Canterbury coach Steve Hansen believes the lure of the Ranfurly Shield and the death of stalwart Joe Tauiwi will have Bay of Plenty primed for a peak performance tonight.
Bay of Plenty meet Canterbury in Christchurch in a fourth-round NPC match which also doubles as a Ranfurly Shield challenge.
"There's two key motivating factors for Bay of Plenty," Hansen said.
"One is the Ranfurly Shield, the other, and even more significant, is the death of Joe Tauiwi. "He's been a big part of Bay of Plenty rugby and they'll come here with extra steel in their back.
"That's something we just have to match."
Tauiwi, a former New Zealand sevens representative, died this week after a long battle with cancer.
Although Bay of Plenty have returned only this year to the top bracket after having second-division status for the last nine seasons, Hansen has a healthy regard for Gordon Tietjens team, who beat Wellington in their opening game of this year's Air New Zealand-sponsored competition and took a bonus point off Auckland.
Three Waikato players well versed in Ranfurly Shield rugby, fullback Damian Karauna, goalkicking first five-eighths Glen Jackson and flanker David Dillon, are valuable acquisitions for Bay of Plenty.
They also have the Ponsonby pair - lock Jason Chandler and midfielder Dale Rasmussen - on loan from Auckland.
Canterbury successfully lifted the shield from Waikato nearly a year ago, and defended it against Otago and Northland last season.
This year they overwhelmed lower division teams, Buller 69-3, South Canterbury 103-0, and Nelson Bays 67-10 in shield games before opening their NPC programme with wins against Northland 26-18 and Southland 37-12.
Canterbury have a reshuffled loose forward trio from that which played against Southland, with Scott Robertson and Richard McCaw replacing Matt Mustchin and Johnny Leo'o, and Sam Broomhall going from No 8 to the blindside flank.

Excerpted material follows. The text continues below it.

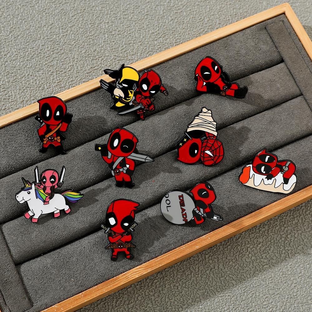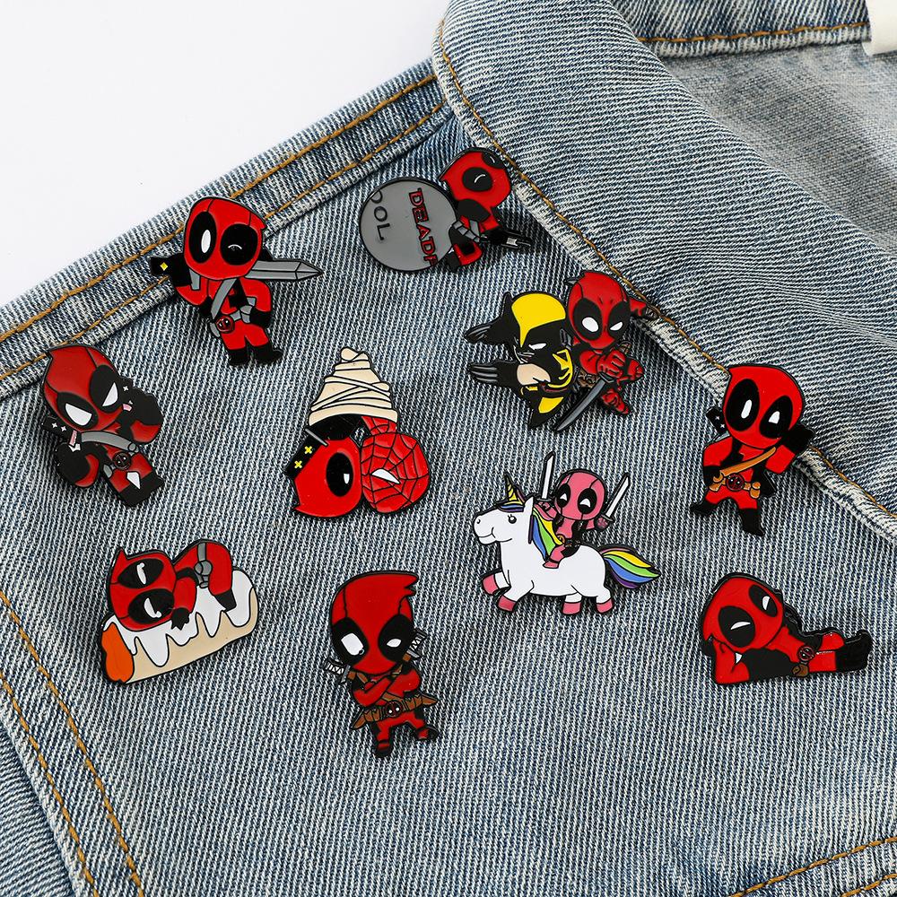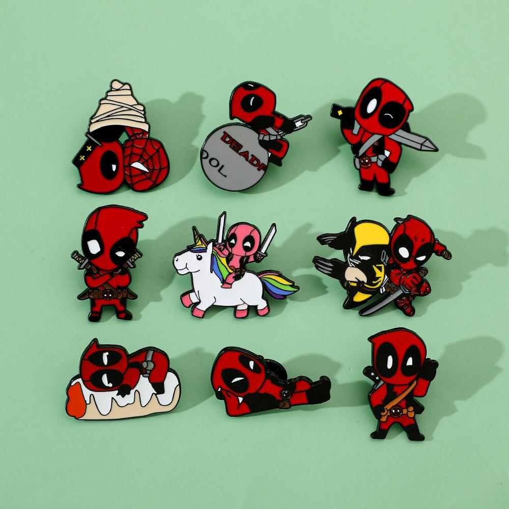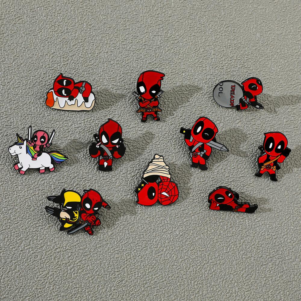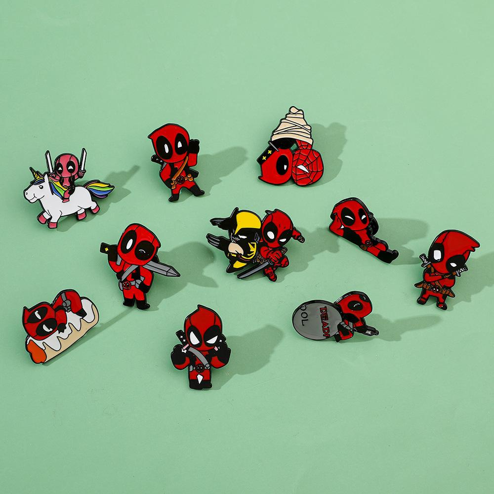 Broche de metal con forma de gota de aceite de personaje de película decorativa de Deadpool con personalidad linda de animación de dibujos animados, insignia de aleación, accesorios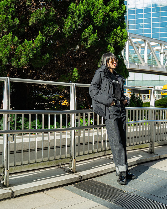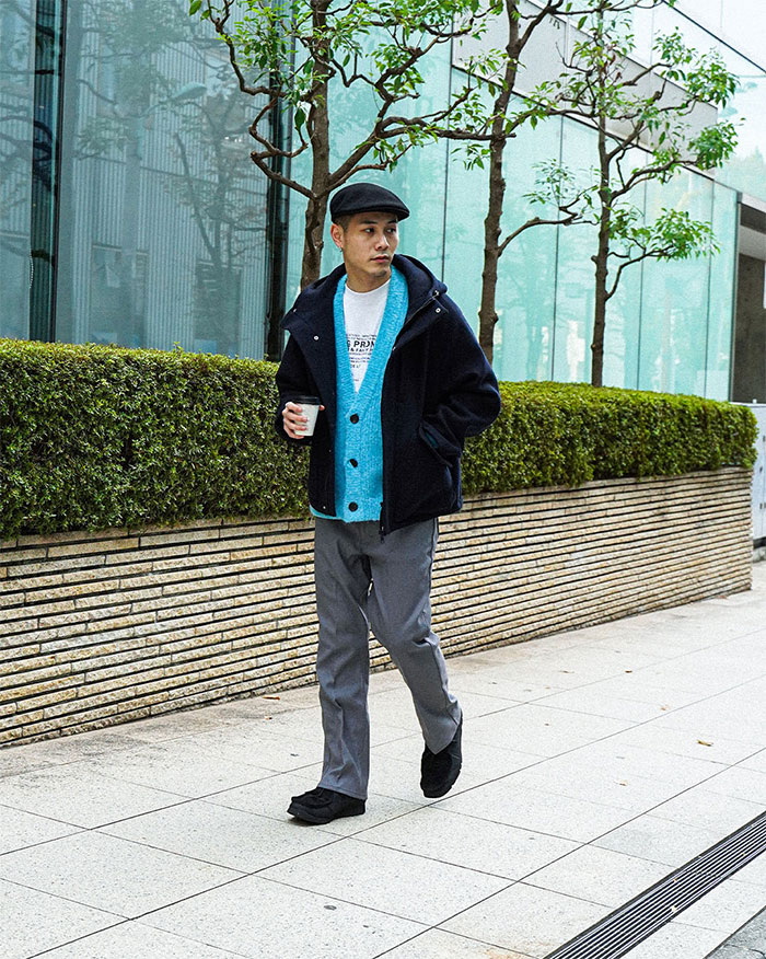 - すっきりとした短丈のブルゾンは重くなりがちな冬のスタイリングを軽くしてくれます。 同系色でまとめトップスに明るい水色を差すことで華やかに。

McCaw has played just one previous NPC match, but Hansen has faith in the New Zealand Colts flanker. He had an outstanding second half for Canterbury B last week, scoring one try and setting up another in Canterbury's come-from-behind victory.
"Richie is a player we think a lot of. He's been working really hard," Hansen said.
The Bachop brothers, Graeme and Stephen, formed a regular partnership at halfback and first five-eighth for Canterbury in the late 1980s; now it is the turn of their nephews.
Nathan Mauger and Aaron Mauger will be paired together for the first time as Canterbury's five-eighths. They appeared together for the Crusaders for the first time this year and both have played the last three matches for Canterbury, but they have always been separated by former All Black Daryl Gibson.
Gibson's groin injury, suffered against Southland last Saturday, has ruled the Canterbury co-captain out for at least a month and has brought the brothers closer together.
Matt Sexton and Todd Blackadder do not need reminding of what happened when they last packed down against Bay of Plenty in the first division.
That end-of-season match, in Rotorua in 1991, marked Blackadder's debut for Canterbury and hooker Sexton was also in his first year in the red-and-black colours.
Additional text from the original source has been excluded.